After application, the finishing coat will be polymerized in an oven 
employing the following conditions: 
temperature: 130.degree. to 240.degree. C., preferably 170.degree. to 
220.degree. C.; 
residence time: 20 to 40 minutes, 
Carboxyl-containing polyester resins can also be cross-linked with glycidyl 
triisocyanurate. 
The thickness of the external coat can be between 40 and 80.mu.. One 
thereby obtains objects of presentation superior to that obtained by the 
standard system: zinc coating metallization and paint system. 
It will be noted that an external protective coat obtained by application 
of a resin powder alone directly on the previously shot cleaned surface of 
the object, and polymerization of this resin, is insufficient to insure 
protection against the corrosion of ferrous alloy objects exposed to the 
elements.

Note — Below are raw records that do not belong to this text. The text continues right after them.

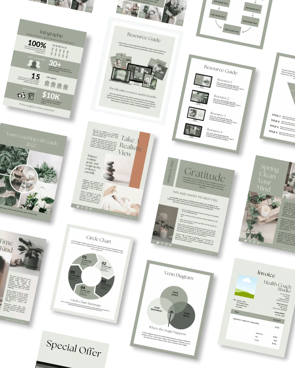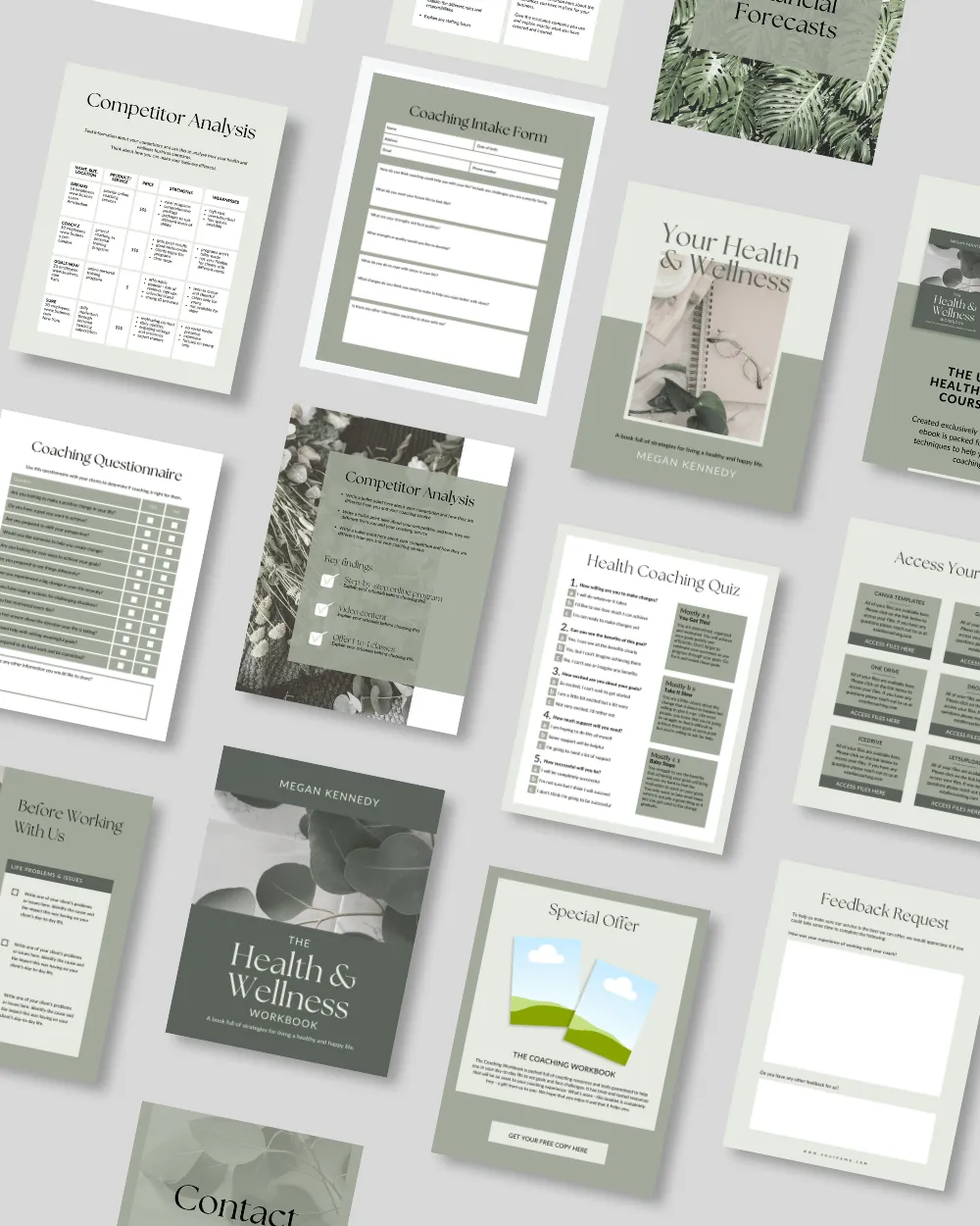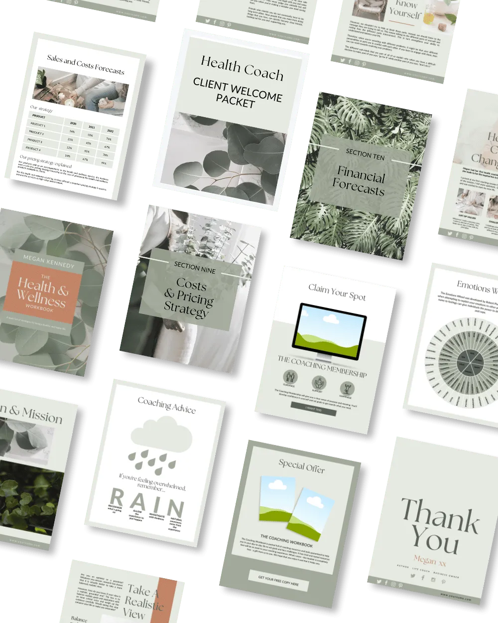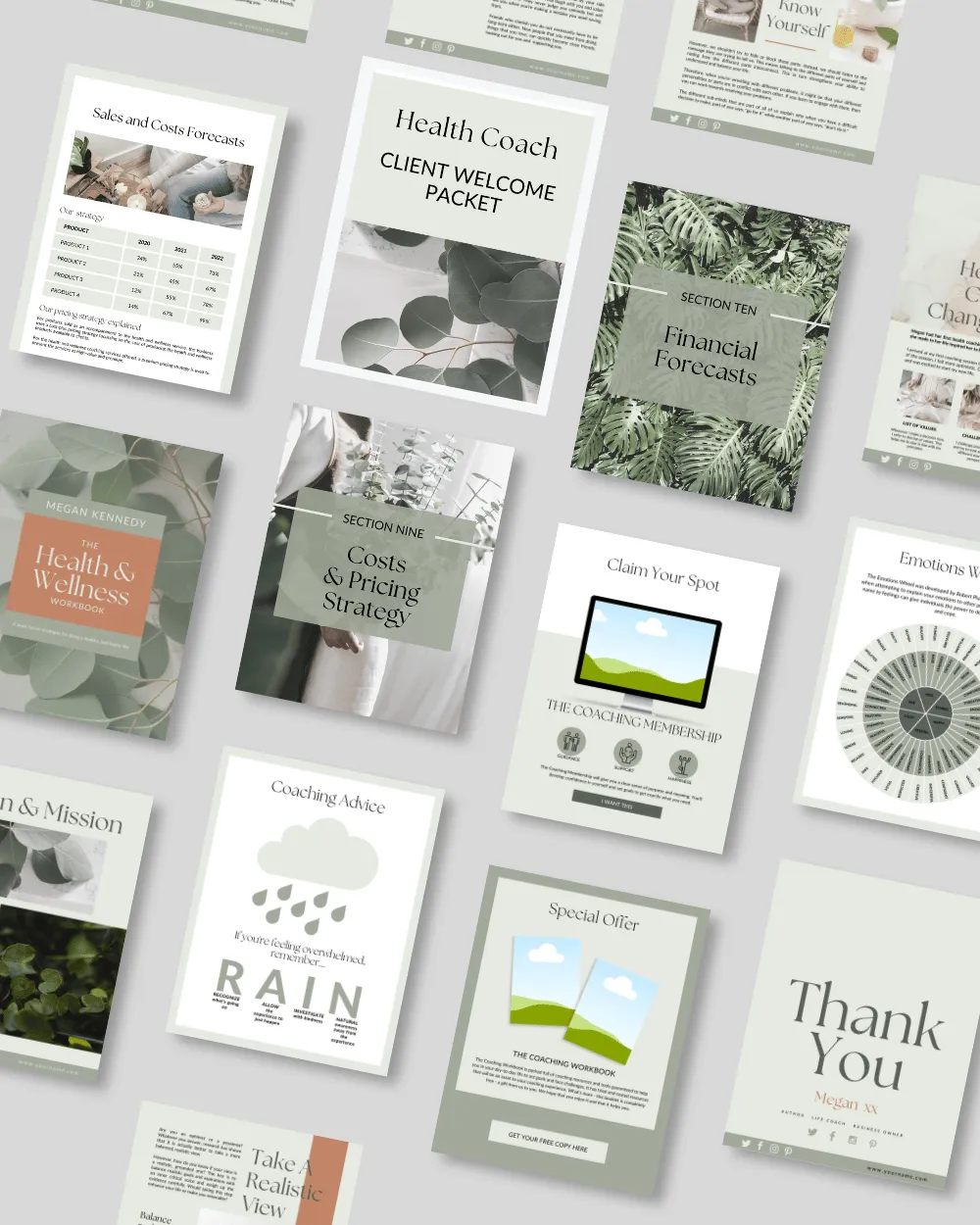 Build a thriving practice with client welcome/goodbye packets, pricing guides, forms, and lead magnets like workbooks and trackers to support client transformations.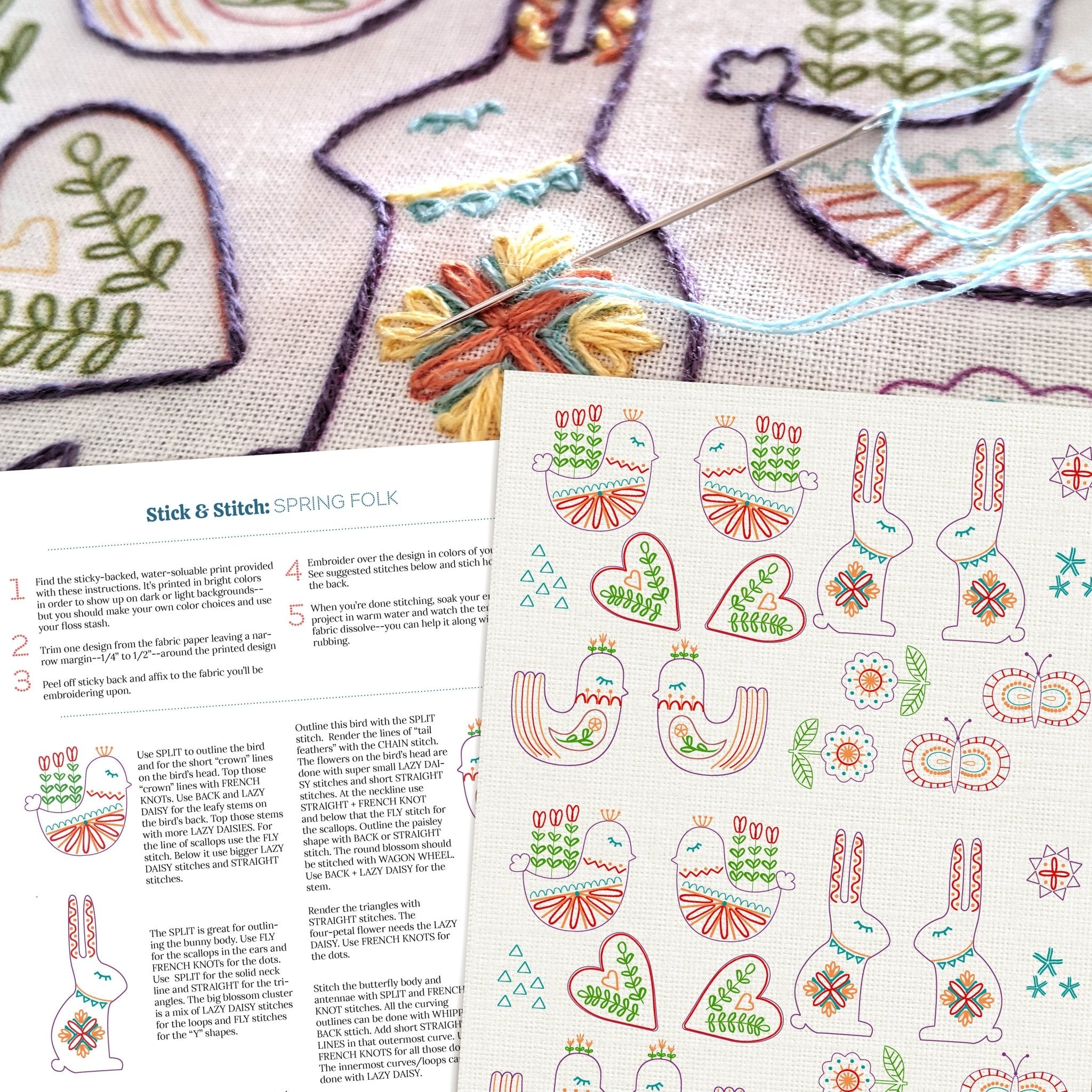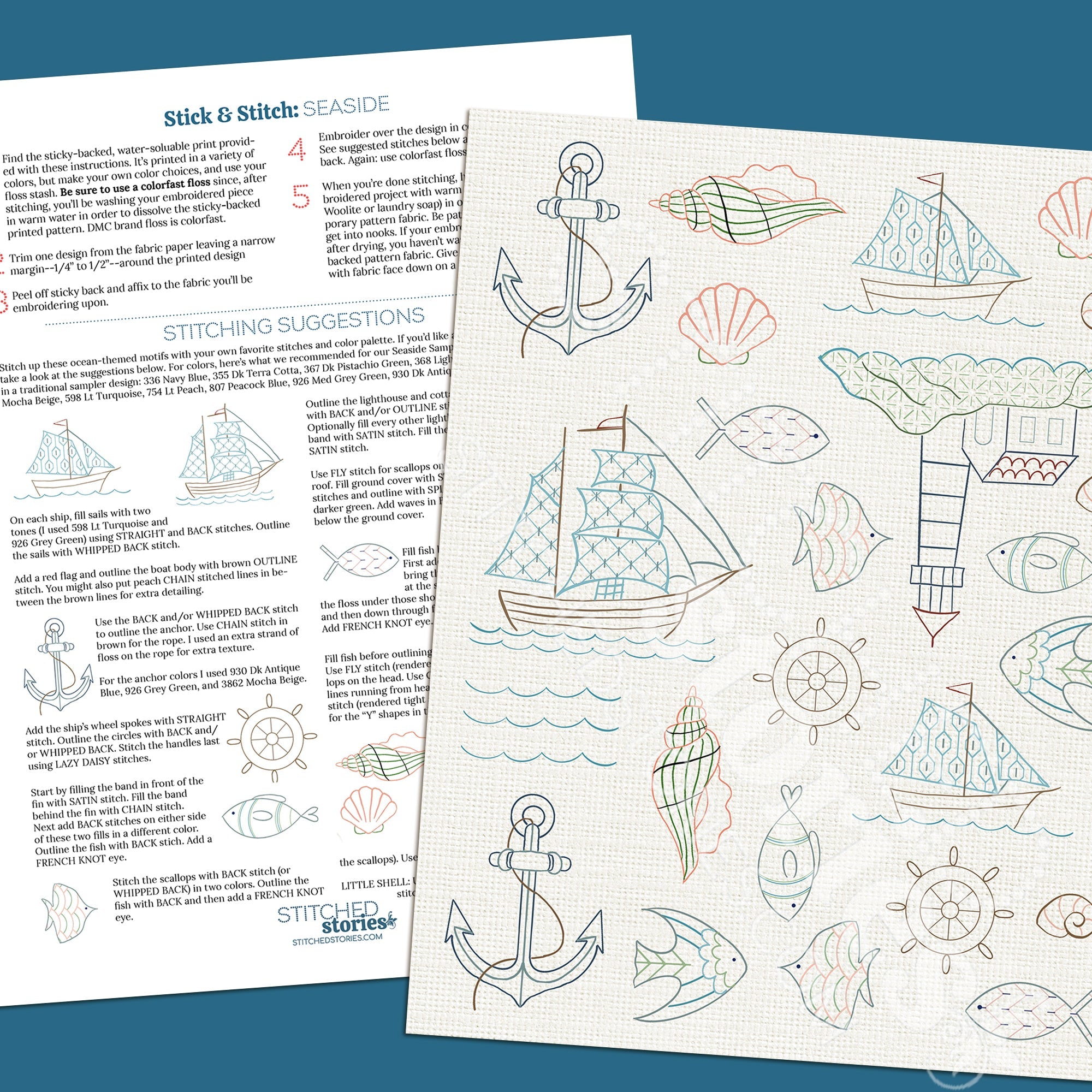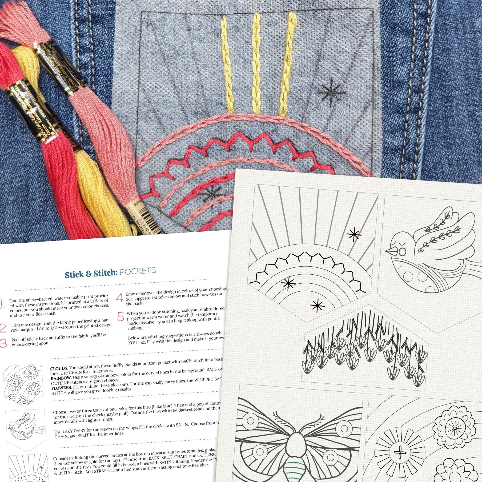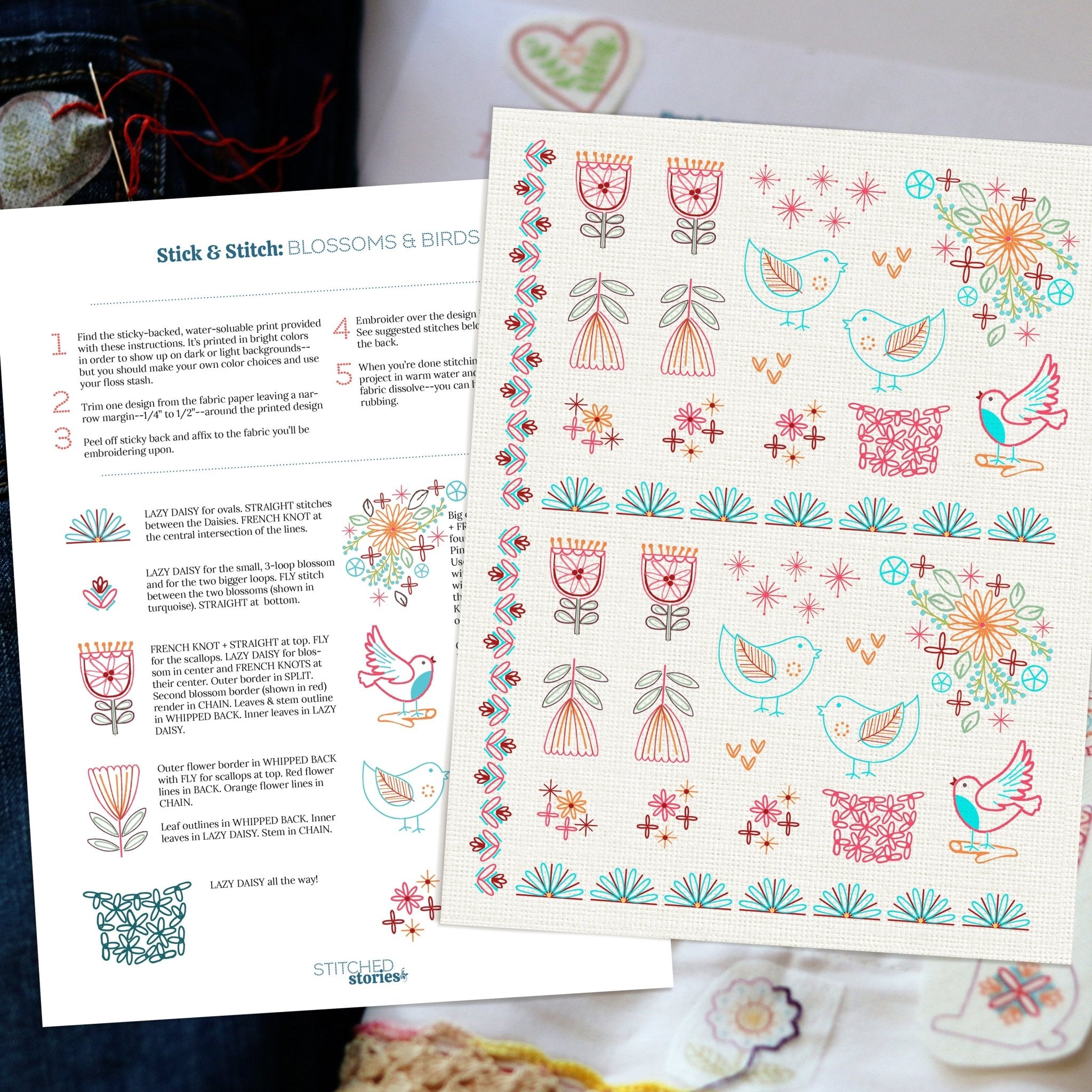 Use our Stick and Stitch Embroidery Patterns to hand embroider Stitched Stories designs to your own fabric projects including clothing, tea towels, pillow-cases, and totebags. Patterns are printed to one 8.5"x11" sheet of Sulky-brand sticky-backed water-soluble fabric. Brief stitching suggestions included.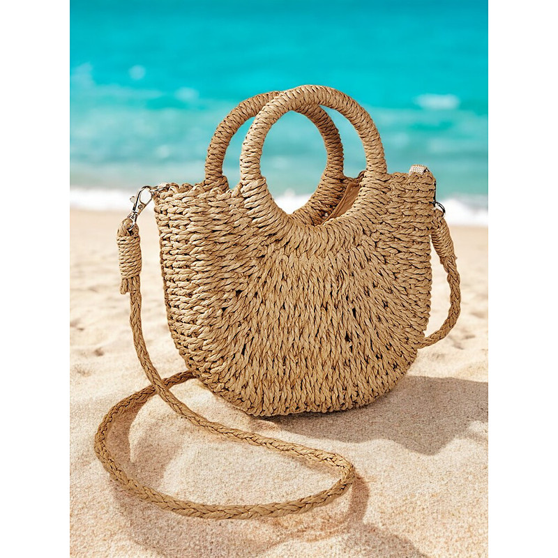 Women's Woven Straw Beach Bag with Round Handles and Long Strap – Boho Summer Handbag for Vacation, Travel and Casual Outfits Pink Orange Brown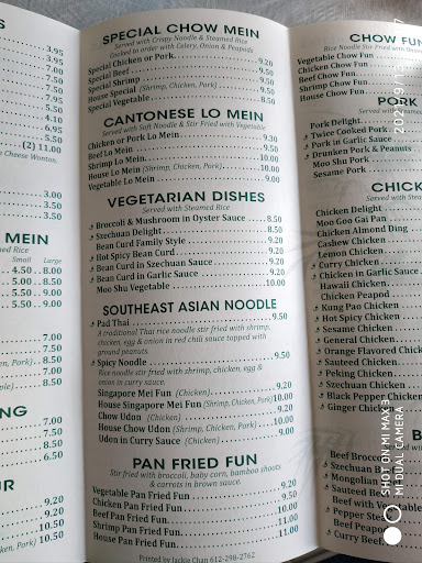 Best chinese take-out in Eagan. My favorite is the sesame chicken or their orange chicken. Its the only place around that does it right: Big chunks of all white meat chicken that is battered then deep fried till golden and CRISPY, then tossed in a sweet and tangy sauce. I always get the special combo which includes fluffy fried rice and a good eggroll. All that for about $7. Make sure you can bring it home quickly before the batter losses its crispy texture. Other notible dishes: chow fun, beef w/broccoli, pork fried rice.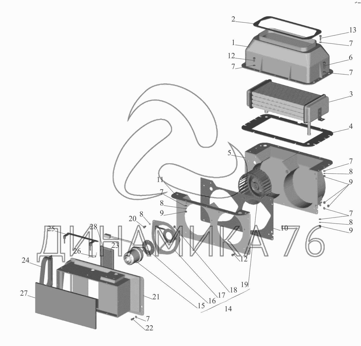 Перечень комплектующих от Отопитель 64221-8101010 на МАЗ-551608, 630308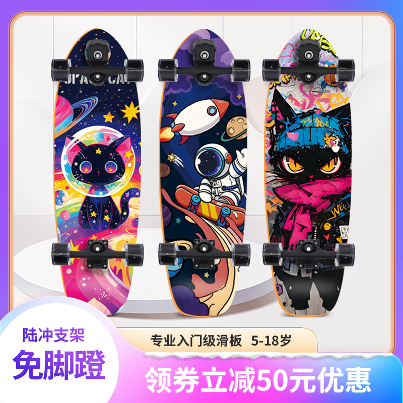 希昂陆地冲浪板儿童滑板男女生初学者免蹬地稳定成人青少年路冲板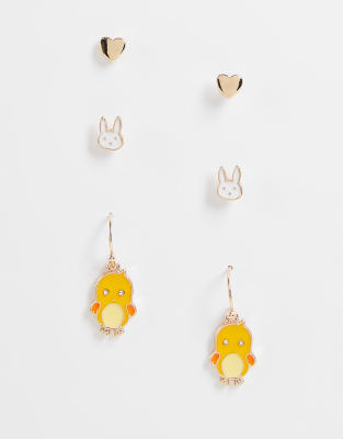ASOS DESIGN - Set van 3 paar lente-oorbellen in goudkleur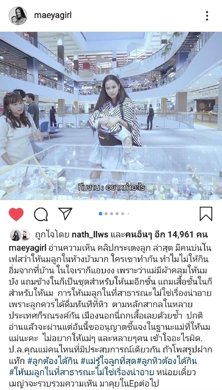 อัปเดตชีวิตหลังแต่งของสาว “เมญ่า-นนธวรรณ ฌรรวนธร” เจ้าของตำแหน่งมิสไทยแลนด์เวิลด์ 2014 หลังวิวาห์กับแฟนหนุ่มนักธุรกิจรักต่างวัย 19 ปี ล่าสุดบินกลับมาเยี่ยมเมืองไทย พร้อม “น้องเบฬิน” ลูกชายวัย 8 เดือน มาเปิดประสบการณ์ในแบบฉบับของ รายการออนไลน์ “กระเตงลูก”รายการที่เผยไลฟ์สไตล์ของคุณแม่เมญ่ากับวิถีการเลี้ยงลูก แต่สิ่งที่ทำเอาหลายคนหลงก็เพราะความหล่อ น่ารักน่าเอ็นดูของลูกชาย ที่เห็นแล้วละลายเลย แถมแม่เมญ่ายังการันตีว่าลูกคนนี้เลี้ยงง่ายอีกต่างหาก แต่หลังจากคุณแม่สายนางงามได้ปล่อยคลิปความน่ารักของลูกชายไปแล้ว ก็แอบมีหลายคนดราม่าถึงการกระทำของแม่ ที่ให้นมลูกชายกลางห้างว่าไม่เหมาะสม งานนี้ทำเอาเลือดความเป็นแม่พลุ่งพล่าน เจ้าตัวถึงกับออกมาโต้กลับกลางคอมเมนท์ และไอจีส่วนตัวว่า “การให้นมลูกในที่สาธารณะไม่ใช่เรื่องน่าอาย เพราะลูกควรได้ดื่มทันทีที่หิว” อูย!!! บอกเลยว่าเผ็ด แซ่บตามสไตล์แม่จริงๆเลยค่ะคุณขา ตามไปดูคลิปต้นเหตุ ได้ที่ https://www.youtube.com/watch?v=AKTXlsODAL0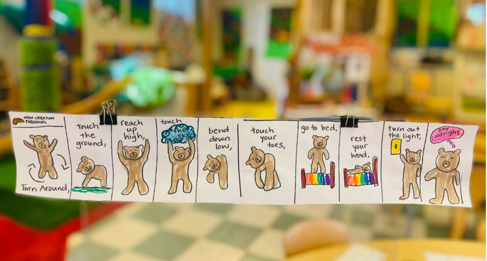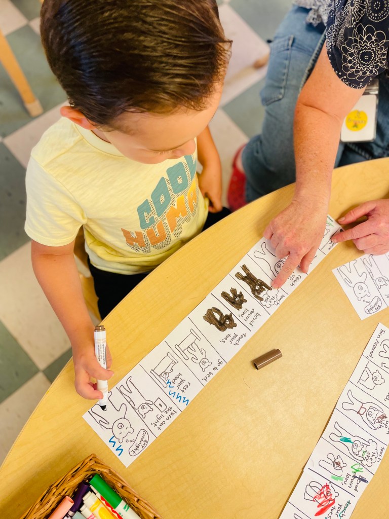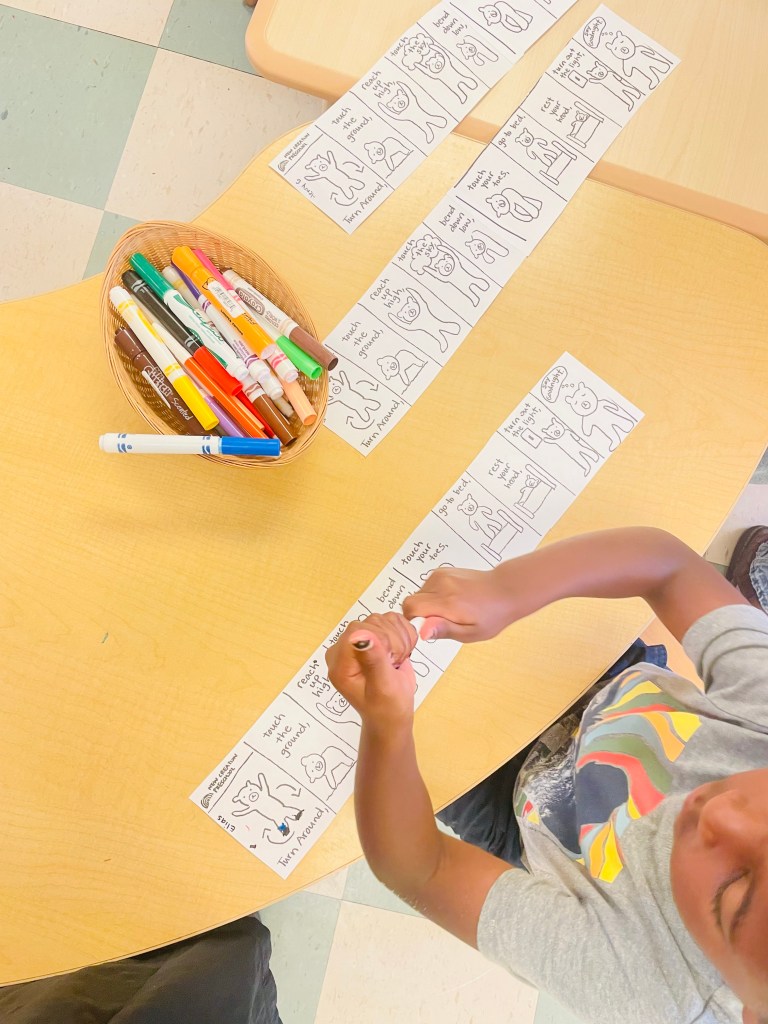 What did the bear do when they went to bed? Jumped on the bed! We talked about this and more while adding color to our Teddy Bear rhyme pictures. In a project like this*, we take it as opportunity to talk about colors and connections to their own lives…does your body jump? Do you have a bed? Have you ever used a light switch?

Only the combination of an undercoat of a zinc-rich paint 
(preferably silicate) and an external layer of polymerized powdered resin 
produces satisfying results. In fact, comparative tests carried out by the 
Applicant on steel gas bottles involving an external protective coating in 
accordance with the invention (undercoat of paint rich in zinc 20 microns 
thick and finishing coat of polyurethane 80 microns thick) and similar 
bottles having only the external coat of polyurethane of a thickness of 80 
microns have demonstrated that after 5 years of exposure to the 
atmosphere, the former present a continuous coating having kept its 
cohesion to the metal and a total absence of corrosion, whereas the latter 
present a flaked coating, crumbling into fragments, and a highly rusted 
metal surface. 
Finally, in relation to the usual zinc coating metallization, the process 
in accordance with this invention shows itself to be much less costly. 
The invention is not, of course limited to the protection of gas bottles, 
but is applicable to all steel objects and, more generally, to ferrous 
alloys, such as underground tanks, metallic foot bridges, iron and steel 
construction works, valve-gates, and the like.